Note: I have never programmed in F#.
1 - Difference between a Mutable and an Immutable Class
As the name suggests, a mutable class is one that can mutate or change after it is created. In other words, we can update its values. In C#, we commonly do this via a `setter`.
On the other hand, immutable means that the class CANNOT be changed once created.
In C#, we have two options for immutability:
The keyword "const" which serves to create constants.
The keyword "readonly" which means that this property is read-only.
However, immutability doesn't end with these two keywords.
2 - Why should we care about making our code immutable?
The main reason why making code immutable is so important is because it helps us avoid many errors.
For beginners, you'll notice that codebases where all classes are mutable are much more difficult to maintain and much harder to debug than those that are immutable. And that's not to mention asynchronous code, which makes things even more complicated.
These errors commonly stem from a property not having a value when, according to the application's logic, it should. This is because we can assign a value to a property anywhere in the object, whereas if we use readonly, we can only set it in the constructor.
2.1 - Updating Immutable Objects
A "curious" point about immutability is that to update a value or property, we don't update it directly with a setter. Instead, what we do is create a copy of the object with the updated value.
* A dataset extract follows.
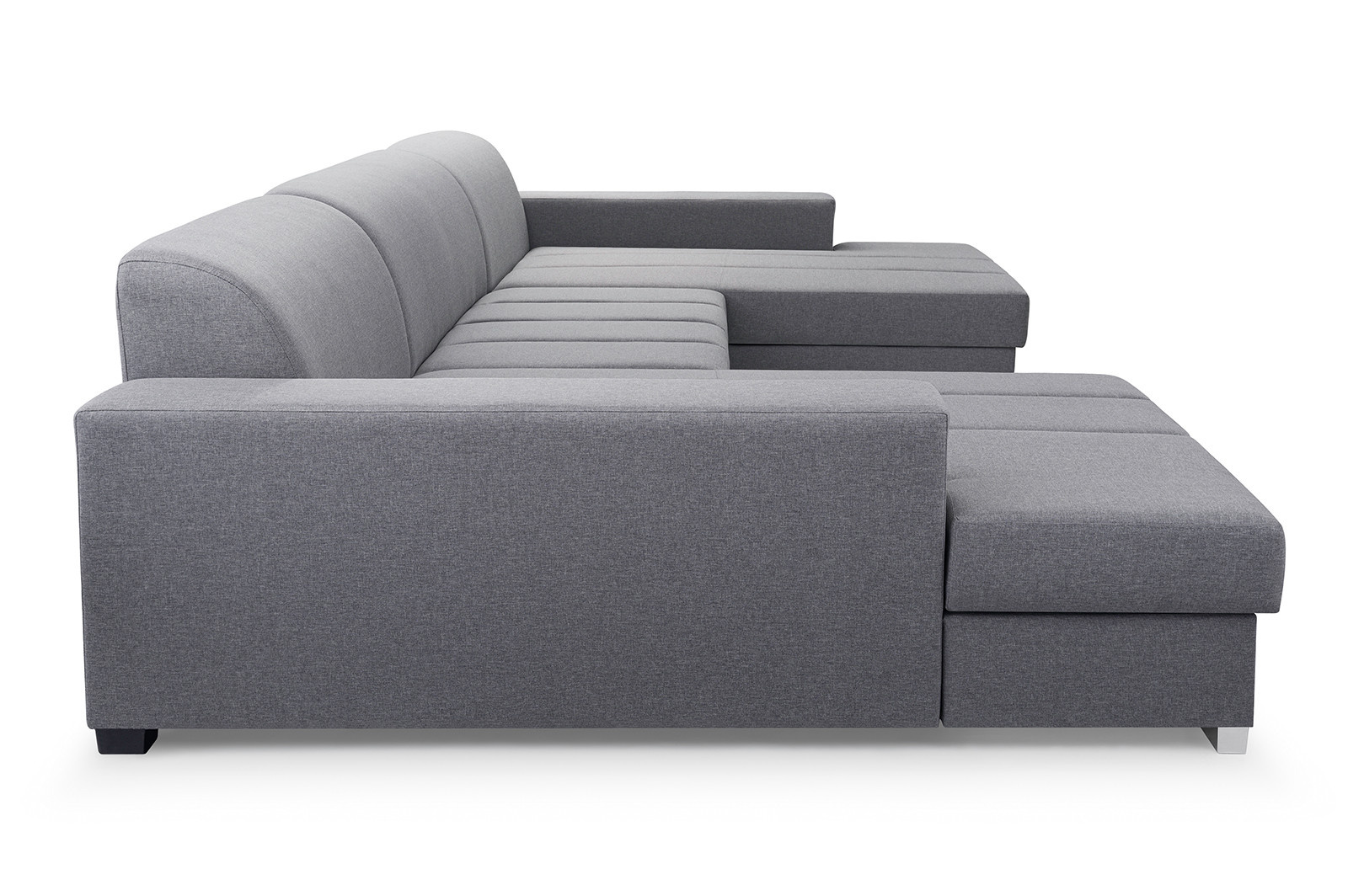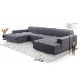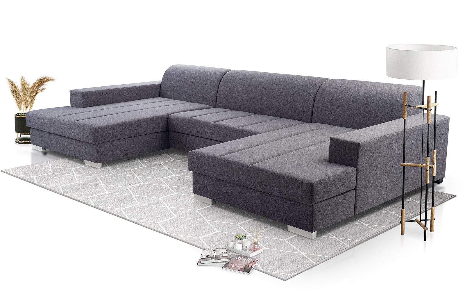 Rohová sedací souprava Mistral U je elegantní sedací souprava ve tvaru písmene U, která má poměrně univerzální tvar, takže ji lze bez větších problémů umístit ke stěně i doprostřed místnosti - jedná se o volně stojící kus nábytku s čalouněným opěradlem. Rozkládací rohová sedačka s rozkládáním, je vybavena 2 úložnými prostory a má funkci spaní. Stabilní a odolnou konstrukci tvoří dřevěný rám a prostor pod čalouněním je zakončen vlnitou pružinou a čalounickou pěnou, díky níž na nábytku nezůstanou nevzhledné otlaky ani deformace. Akcentem, který nábytku dodává originalitu a lehkost, jsou ozdobné stříbrné nohy. Rohová pohovka pro více osob je kus nábytku plně čalouněný kvalitní látkou, jejíž barevné provedení si můžete vybrat. Rohová sedací souprava AKITA U s bočnicemi v základním provedení . Sedací soupravu lze umístit doprostřed místnosti.

public class EducationEntity
{
public readonly int Id;
public readonly DateTime StartDate;
public readonly DateTime? EndDate;
public readonly string CourseName;
public readonly string UniversityName;
private EducationEntity(int id, DateTime startDate, DateTime? endDate, string courseName, string universityName)
{
Id = id;
StartDate = startDate;
EndDate = endDate;
CourseName = courseName ;
UniversityName = universityName;
}
public static EducationEntity Create(int id, DateTime startDate, DateTime? endDate, string courseName, string universityName)
{
return new EducationEntity(id, startDate, endDate, courseName, universityName);
}
public EducationEntity UpdateEndDate(DateTime? endDate)
{
return EducationEntity.Create(Id, StartDate, endDate, CourseName, UniversityName);
}
}As we can see in the example, all properties are "readonly" so they must be set via the constructor. We update the end date through the `UpdateEndDate` method, which creates a "copy" of the same object, only changing the property we need. In a real scenario, you would update all necessary values, but in this case, it's just one property to make the example clear.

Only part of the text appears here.